DATA BELOW:
■ ■ ■ ■ ■ ■ ■

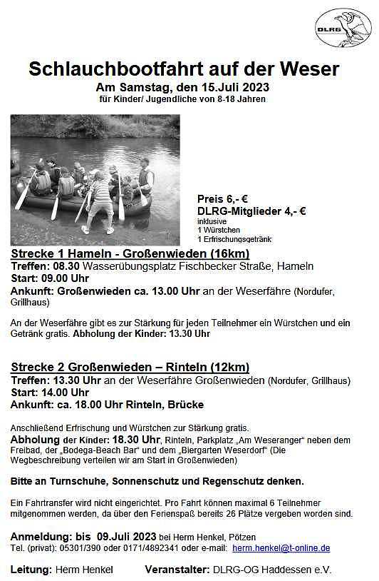 Im Rahmen der Aktion Ferienpass der Stadtjugendpflege der Stadt Hess. Oldendorf fand am Samstag, den 15. Juli 2023 die Schlauchbootfahrt auf der Weser statt.
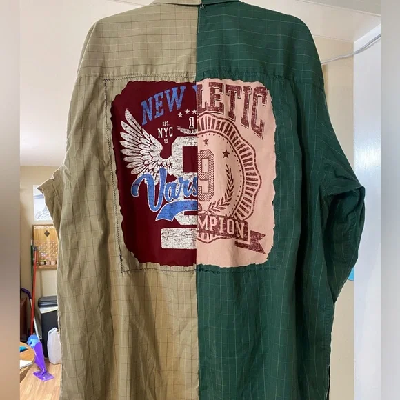One of a kind shirts made by myself @LocalsVintage. Everything is thrifted, upcycled, and unisex. This shirt is marked at a men’s XXL. Many other designs and custom orders are available and just a message away. #splittee #retro #upcycle #oneofakind #buttonup
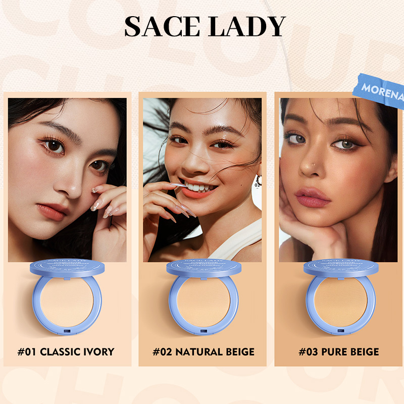 SACE LADY Oil Control Face Powder Waterproof Long Lasting Compact Setting Powder Makeup With Puff
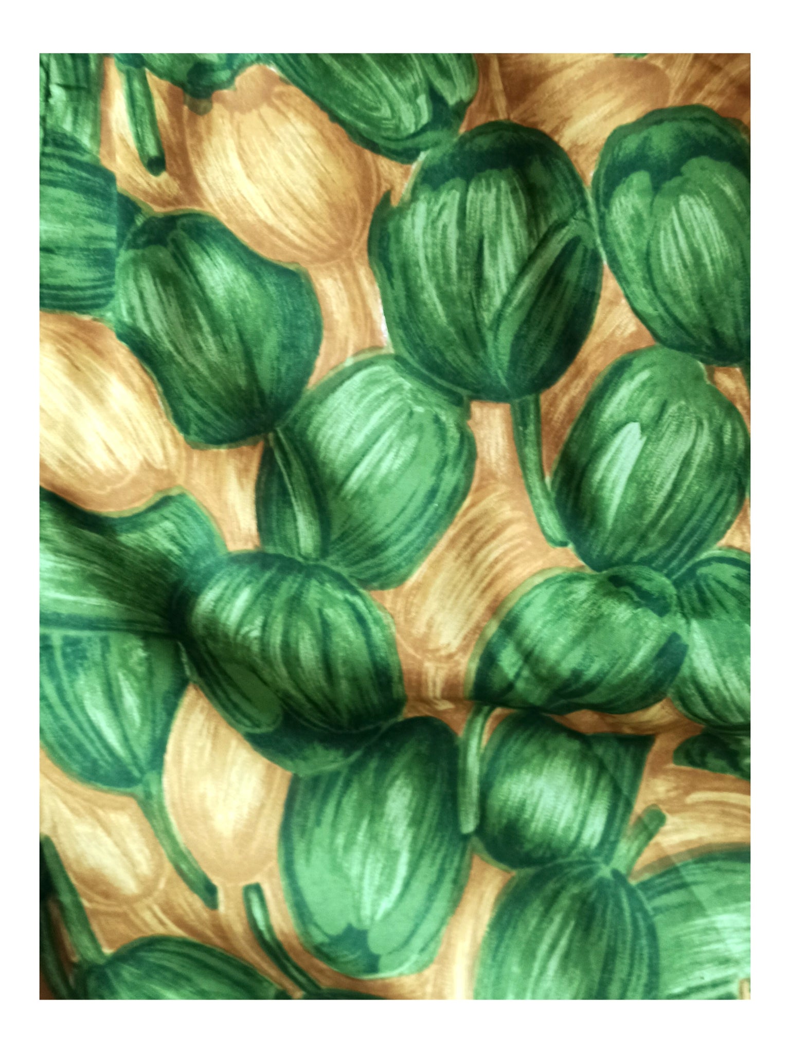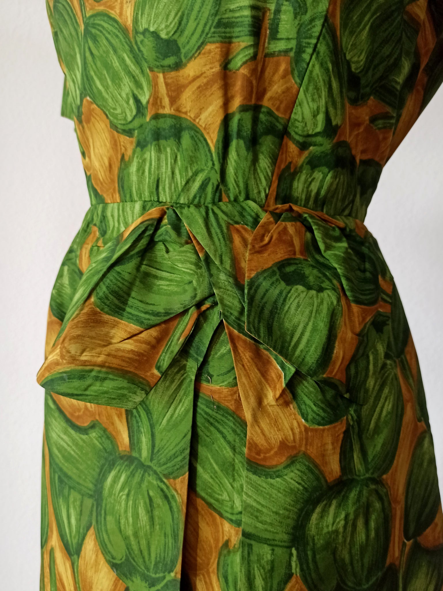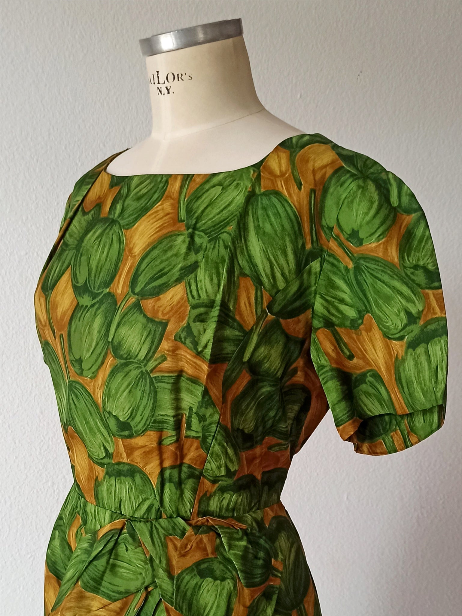 This is a stunning dress from the very late 1950s or very early 1960s. The fabric is a precious satin silk with an amazing floral print in golden brown and green. Exquisitely tailored. She has a beautiful neckline and a precious design on the hips. Fully lined. She closes with a back zipper.

■ ■ ■ ■ ■ ■ ■

TASK BRIEF:
Exactly as they appear above, print all the lines, but not the pictures.

REPLY TO THE TASK:
 Im Rahmen der Aktion Ferienpass der Stadtjugendpflege der Stadt Hess. Oldendorf fand am Samstag, den 15. Juli 2023 die Schlauchbootfahrt auf der Weser statt.
One of a kind shirts made by myself @LocalsVintage. Everything is thrifted, upcycled, and unisex. This shirt is marked at a men’s XXL. Many other designs and custom orders are available and just a message away. #splittee #retro #upcycle #oneofakind #buttonup
 SACE LADY Oil Control Face Powder Waterproof Long Lasting Compact Setting Powder Makeup With Puff
 This is a stunning dress from the very late 1950s or very early 1960s. The fabric is a precious satin silk with an amazing floral print in golden brown and green. Exquisitely tailored. She has a beautiful neckline and a precious design on the hips. Fully lined. She closes with a back zipper.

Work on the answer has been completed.